### Анализ похожих товаров по их описанию
Допустим, вы аналитик данных в компании, которая занимается продажей мебели. Ваша задача — определить, какие товары наиболее похожи друг на друга по описанию. Для этого необходимо использовать косинусную меру угла с помощью библиотеки spacy.

Шаги выполнения задания:

1.	Скачайте датасет с описанием товаров (исходный файл — product_description.csv).

2.	Импортируйте библиотеку spacy и загрузите модель языка en_core_web_sm.

Дополнительно для выполнения задания выполните импорт функций из библиотек Python:

from sklearn.feature_extraction.text import TfidfVectorizer
from sklearn.metrics.pairwise import cosine_similarity
3.	Проведите предобработку текста: удалите стоп-слова, лемматизируйте слова, удалите пунктуацию.

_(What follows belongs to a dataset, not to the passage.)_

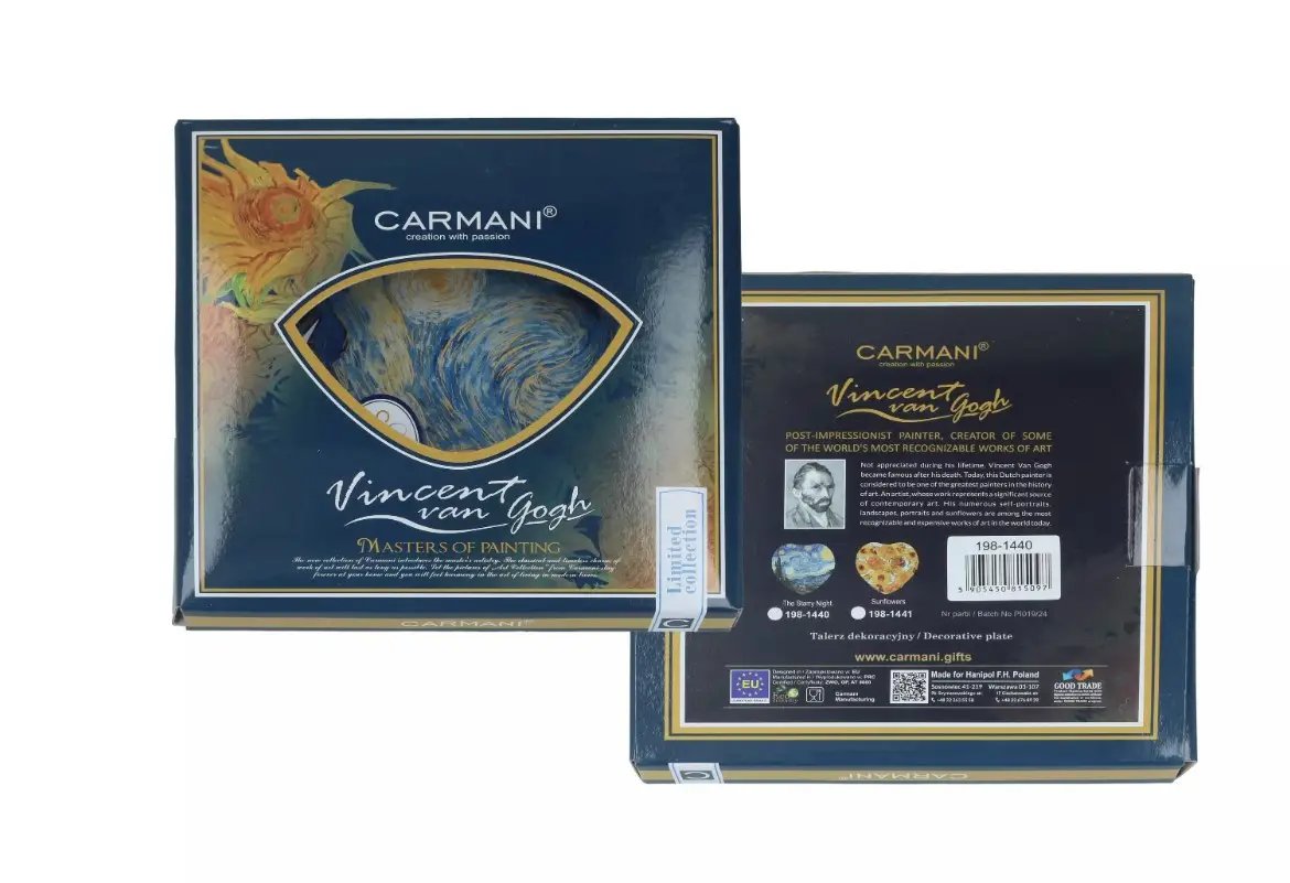 Поставляється в ефектній подарунковій коробці, що робить тарілку чудовим презентом для особливого випадку: на День святого Валентина, річницю, весілля або як вираз любові та вдячності. Carmani - це колекційна естетика з європейським смаком. Додайте частинку натхнення Ван Гога у свій дім або зробіть по-справжньому незабутній подарунок.

Используйте следующий код для предобработки текста:

def preprocess_text(text):
    doc = nlp(text)
    tokens = [token.lemma_.lower() for token in doc if not token.is_stop and not token.is_punct]
    return " ".join(tokens)
data['processed_text'] = data['description'].apply(preprocess_text)
4.	Создайте матрицу векторов для каждого товара. 

Используйте следующий код для векторизации:

vectorizer = TfidfVectorizer()
vectors = vectorizer.fit_transform(data['processed_text'])
5.	Рассчитайте косинусную меру угла между каждой парой товаров.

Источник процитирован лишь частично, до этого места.